### Data listing
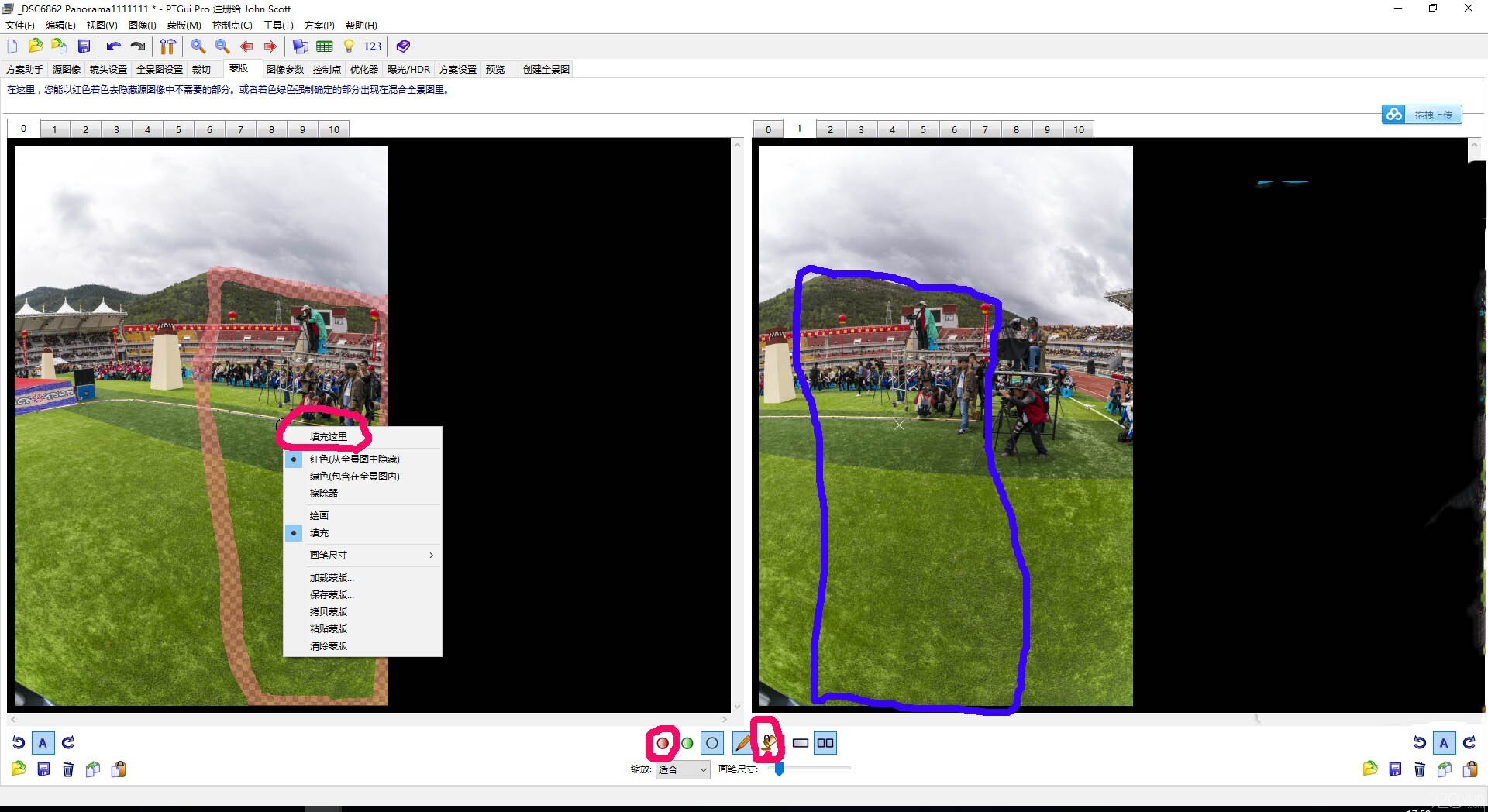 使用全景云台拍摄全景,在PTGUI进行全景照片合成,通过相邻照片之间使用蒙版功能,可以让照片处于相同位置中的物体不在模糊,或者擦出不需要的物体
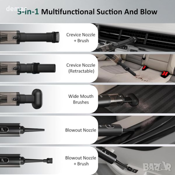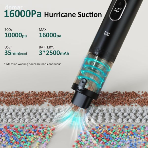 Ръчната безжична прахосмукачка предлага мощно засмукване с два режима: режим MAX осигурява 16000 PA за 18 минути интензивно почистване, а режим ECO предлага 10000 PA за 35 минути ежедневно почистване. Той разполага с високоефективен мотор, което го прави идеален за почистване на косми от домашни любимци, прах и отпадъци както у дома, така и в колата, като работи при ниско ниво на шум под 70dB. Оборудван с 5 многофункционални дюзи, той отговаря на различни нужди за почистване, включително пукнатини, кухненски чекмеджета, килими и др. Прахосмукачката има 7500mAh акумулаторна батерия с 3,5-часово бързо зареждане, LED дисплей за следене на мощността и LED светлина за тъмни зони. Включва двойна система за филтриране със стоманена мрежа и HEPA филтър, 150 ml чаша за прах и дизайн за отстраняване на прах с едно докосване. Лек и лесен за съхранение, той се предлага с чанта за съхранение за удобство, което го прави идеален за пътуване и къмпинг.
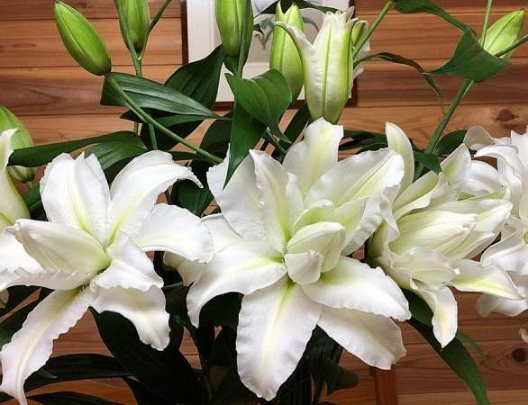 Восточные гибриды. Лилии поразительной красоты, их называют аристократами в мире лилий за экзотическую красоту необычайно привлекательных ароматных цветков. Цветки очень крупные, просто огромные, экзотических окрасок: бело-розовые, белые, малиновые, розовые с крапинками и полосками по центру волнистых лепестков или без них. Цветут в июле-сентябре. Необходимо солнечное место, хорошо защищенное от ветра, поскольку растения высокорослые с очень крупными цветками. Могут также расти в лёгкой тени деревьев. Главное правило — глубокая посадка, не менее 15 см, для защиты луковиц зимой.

==

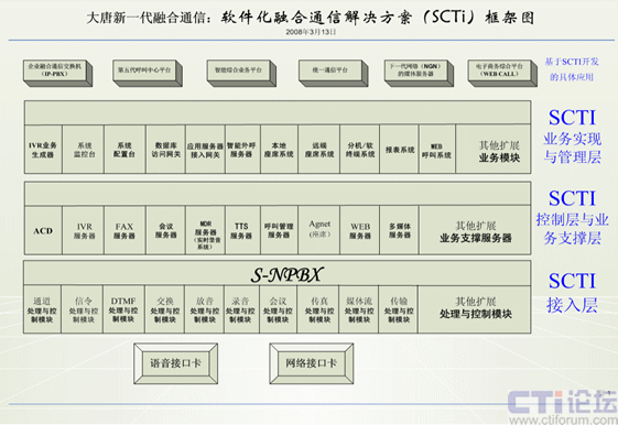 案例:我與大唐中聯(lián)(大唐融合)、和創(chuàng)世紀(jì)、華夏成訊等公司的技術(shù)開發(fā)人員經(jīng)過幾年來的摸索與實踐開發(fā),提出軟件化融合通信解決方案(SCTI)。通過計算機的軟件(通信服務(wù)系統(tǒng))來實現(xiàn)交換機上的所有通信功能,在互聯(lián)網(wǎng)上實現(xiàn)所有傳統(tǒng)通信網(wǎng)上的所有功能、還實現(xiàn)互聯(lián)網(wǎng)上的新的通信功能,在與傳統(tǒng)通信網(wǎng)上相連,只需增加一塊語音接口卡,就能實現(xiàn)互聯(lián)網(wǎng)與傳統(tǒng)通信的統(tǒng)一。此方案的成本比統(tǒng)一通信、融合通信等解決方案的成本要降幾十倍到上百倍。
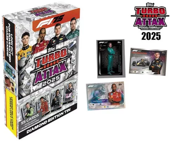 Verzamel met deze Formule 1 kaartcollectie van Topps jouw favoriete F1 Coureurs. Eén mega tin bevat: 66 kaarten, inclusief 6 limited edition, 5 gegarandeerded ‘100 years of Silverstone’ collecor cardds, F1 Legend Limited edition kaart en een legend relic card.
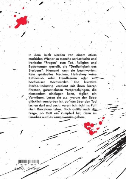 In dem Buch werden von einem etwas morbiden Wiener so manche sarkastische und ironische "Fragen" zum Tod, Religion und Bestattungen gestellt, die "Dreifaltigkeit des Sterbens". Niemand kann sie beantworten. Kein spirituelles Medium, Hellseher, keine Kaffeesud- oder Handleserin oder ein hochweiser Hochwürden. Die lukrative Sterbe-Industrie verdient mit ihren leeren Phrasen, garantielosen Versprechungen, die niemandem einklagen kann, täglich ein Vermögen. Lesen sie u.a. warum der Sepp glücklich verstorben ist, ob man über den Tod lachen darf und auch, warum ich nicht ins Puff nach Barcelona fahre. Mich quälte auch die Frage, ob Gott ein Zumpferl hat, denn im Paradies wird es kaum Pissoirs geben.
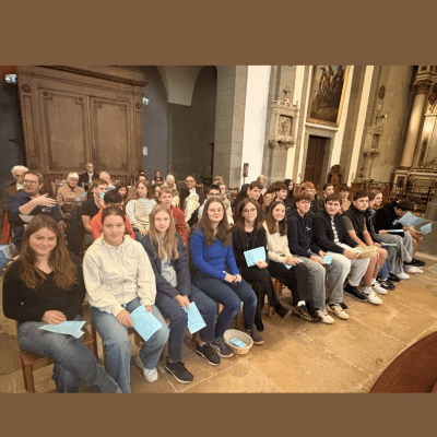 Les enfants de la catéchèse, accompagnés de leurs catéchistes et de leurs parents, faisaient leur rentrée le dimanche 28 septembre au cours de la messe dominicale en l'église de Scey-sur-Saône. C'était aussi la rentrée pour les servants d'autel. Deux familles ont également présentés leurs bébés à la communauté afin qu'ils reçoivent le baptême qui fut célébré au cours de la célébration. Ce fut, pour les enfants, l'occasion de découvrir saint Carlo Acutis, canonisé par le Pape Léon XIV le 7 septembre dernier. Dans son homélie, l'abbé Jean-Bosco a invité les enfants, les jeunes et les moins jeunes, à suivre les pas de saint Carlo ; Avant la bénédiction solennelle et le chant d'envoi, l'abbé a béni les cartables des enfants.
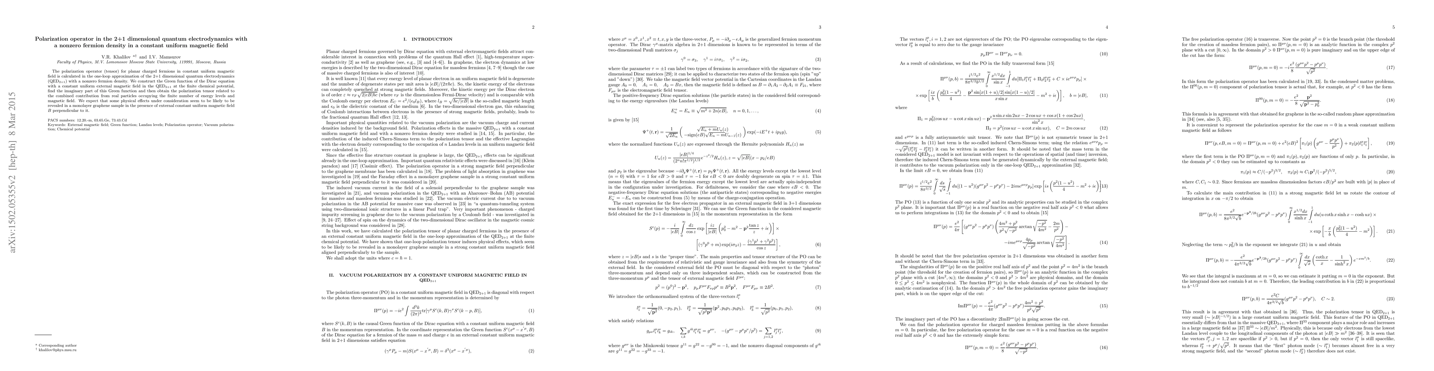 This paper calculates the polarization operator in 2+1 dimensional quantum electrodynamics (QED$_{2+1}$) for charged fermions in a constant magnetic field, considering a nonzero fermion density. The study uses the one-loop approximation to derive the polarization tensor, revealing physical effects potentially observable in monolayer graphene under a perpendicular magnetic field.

### Work item
Range to copy from the listing above: the line with "Verzamel met deze" through the line with "In dem Buch". Transcribe it exactly and skip the pictures.

### Your response
 Verzamel met deze Formule 1 kaartcollectie van Topps jouw favoriete F1 Coureurs. Eén mega tin bevat: 66 kaarten, inclusief 6 limited edition, 5 gegarandeerded ‘100 years of Silverstone’ collecor cardds, F1 Legend Limited edition kaart en een legend relic card.
 In dem Buch werden von einem etwas morbiden Wiener so manche sarkastische und ironische "Fragen" zum Tod, Religion und Bestattungen gestellt, die "Dreifaltigkeit des Sterbens". Niemand kann sie beantworten. Kein spirituelles Medium, Hellseher, keine Kaffeesud- oder Handleserin oder ein hochweiser Hochwürden. Die lukrative Sterbe-Industrie verdient mit ihren leeren Phrasen, garantielosen Versprechungen, die niemandem einklagen kann, täglich ein Vermögen. Lesen sie u.a. warum der Sepp glücklich verstorben ist, ob man über den Tod lachen darf und auch, warum ich nicht ins Puff nach Barcelona fahre. Mich quälte auch die Frage, ob Gott ein Zumpferl hat, denn im Paradies wird es kaum Pissoirs geben.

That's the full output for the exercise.